The U.N. health agency on Wednesday described the deaths of six Indonesian family members from bird flu as the most important development in the spread of the virus since 2003, saying it was concerned about the size of the cluster and confusion over its source. "We have a team down there, they are examining what is going on and they can't find an animal source of this infection," said Peter Cordingley, spokesman for the Western Pacific region of the World Health Organization.

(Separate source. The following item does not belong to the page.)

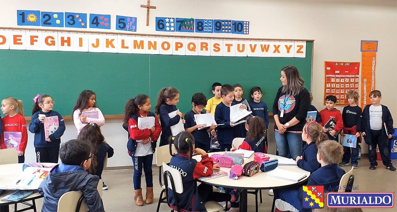 Durante o mês de maio, as turmas do 2º ano do Ensino Fundamental visitaram as turmas 11, 12 e 13 para auxiliarem nossos pequenos no uso, no cuidado e no carinho que cada um deve ter com seu novo caderno de linhas.

"This is the first time that we've been completely stumped" by a source for the infection, he said. Six of the seven people in an extended family in northern Sumatra who caught the disease have died, the most recent on Monday, in one of the largest human clusters of H5N1 ever reported. WHO is investigating whether bird flu was passed from person to person, but said Wednesday there was no evidence the virus had mutated to a form that was spreading more easily between humans, a scenario that could spark a global pandemic killing millions. There also was no indication it had infected anyone outside the family.

"No matter what's going on at this stage, it's a limited transmission between members of the same family," Cordingley said from Manila , describing the Sumatra case as the most important development since the H5N1 virus started ravaging poultry stocks across Asia three years ago. Isolated cases of the virus jumping from one human to another have been documented including one in Thailand involving a mother and child but such cases do not mean a pandemic flu strain has emerged.

"What we are looking out for is any sign of this virus going outside of this family cluster into the general community, that would be very worrying," Cordingley said. "We haven't seen any signs of that yet." Bird flu has killed 124 people worldwide, more than a quarter of them in Indonesia , which has come under fire in recent months for doing too little to slow the spread of the disease. Most human cases have been traced to contact with infected poultry.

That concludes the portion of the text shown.